El texto recuerda que el Pueblo de Dios tiene la misión irrenunciable de mostrar el rostro misericordioso del Padre y anunciar la esperanza.
En ese camino, subraya el protagonismo de las mujeres, quienes con ternura, fortaleza y coraje continúan el testimonio de las discípulas que acompañaron a Jesús.
«El Pueblo de Dios, revestido por la gracia del bautismo, es sujeto del anuncio y protagonista de la misión, porque todos somos discípulos misioneros», señala el mensaje, y destaca que en esa misión las mujeres cumplen un rol fundamental en la vida de las comunidades.

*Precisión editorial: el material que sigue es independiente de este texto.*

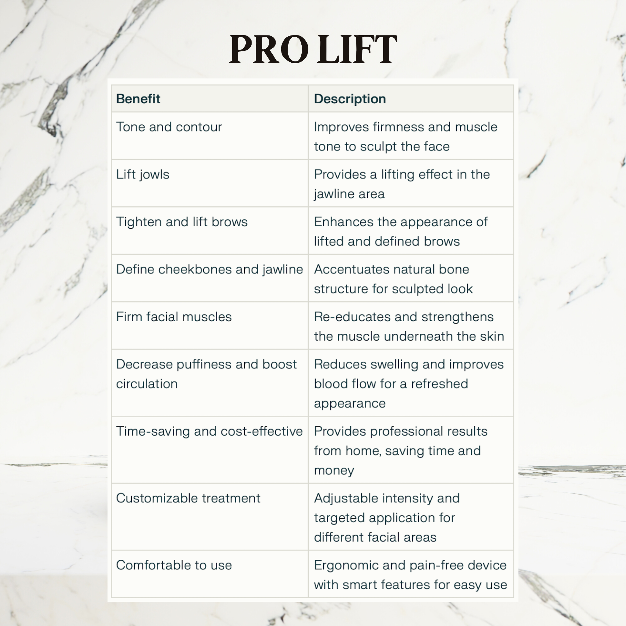 By improving muscle tone, definition, and contour, the Pro Lift delivers a lifted, youthful appearance from the very first sessions.
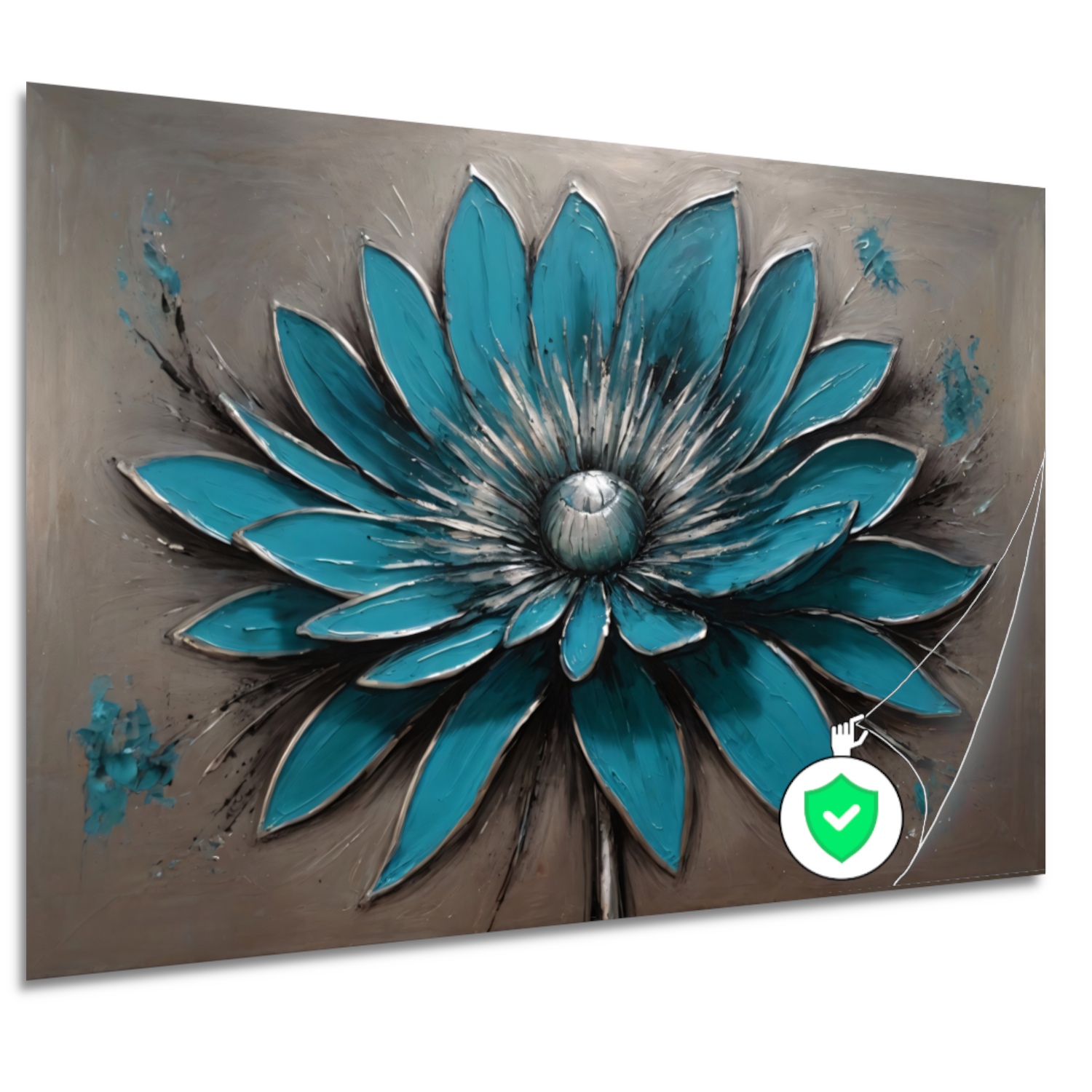 Turkooise Bloem met Zilveren Accenten poster
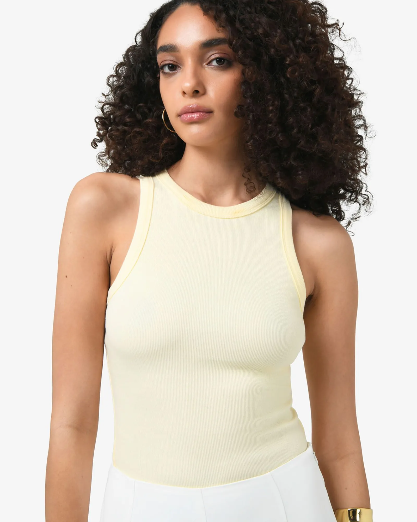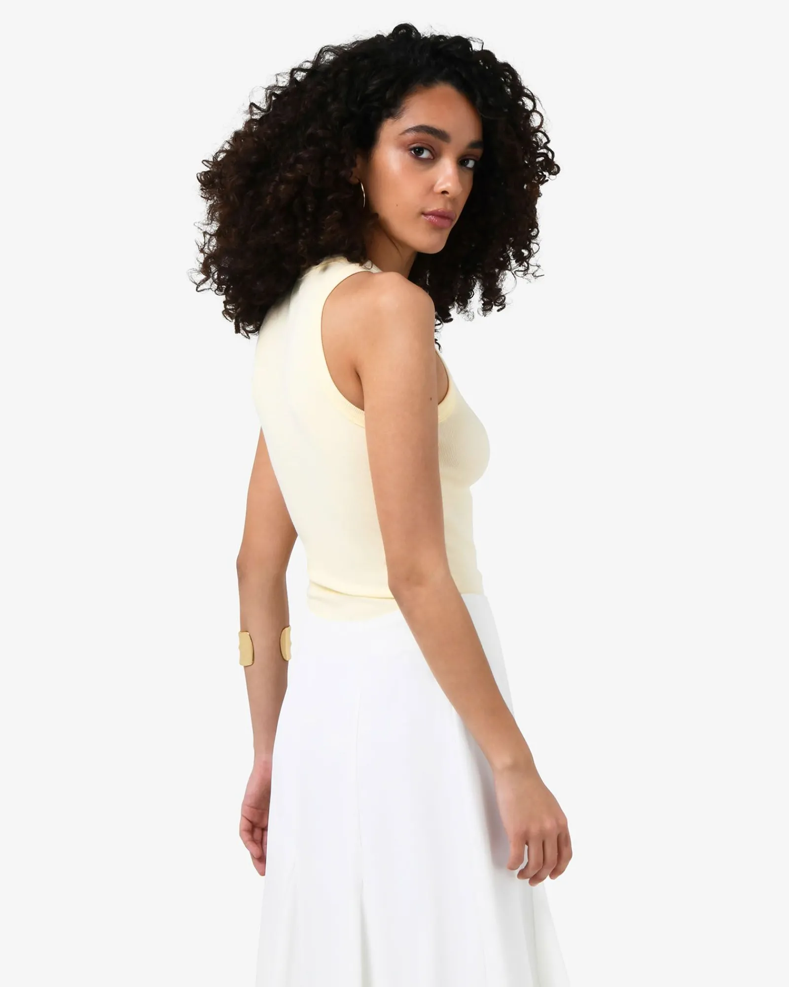 The Devon Cotton Blend Singlet is a versatile wardrobe essential that is made from a stretch, ribbed, cotton blend fabrication. Featuring a round neckline with a body skimming fit, it easily pairs with your favourite denim for a neat out-of-office look, or style with tailored pants and skirts for an elevated outfit.

El documento también recoge el clamor de muchas mujeres que, en medio de los dolores del mundo, enfrentan injusticias, violencias, falta de acceso a necesidades básicas y situaciones vinculadas a la cultura del descarte.
En ese contexto, advierte que no es posible alcanzar la plenitud de la paz y la justicia mientras persistan esas realidades.
A la vez, destaca que muchas mujeres se convierten en referentes de esperanza y consuelo, sosteniéndose mutuamente, curando heridas y acompañando a quienes sufren.
Desde distintos puntos del país, afirma el texto entre otros conceptos, asumen con valentía tareas de evangelización y liderazgos comunitarios, siendo testigos de la resurrección.
Por Guillermo Marcó, ex vocero del ex cardenal Jorge Bergoglio, luego Papa Francisco. Publicado en Infobae.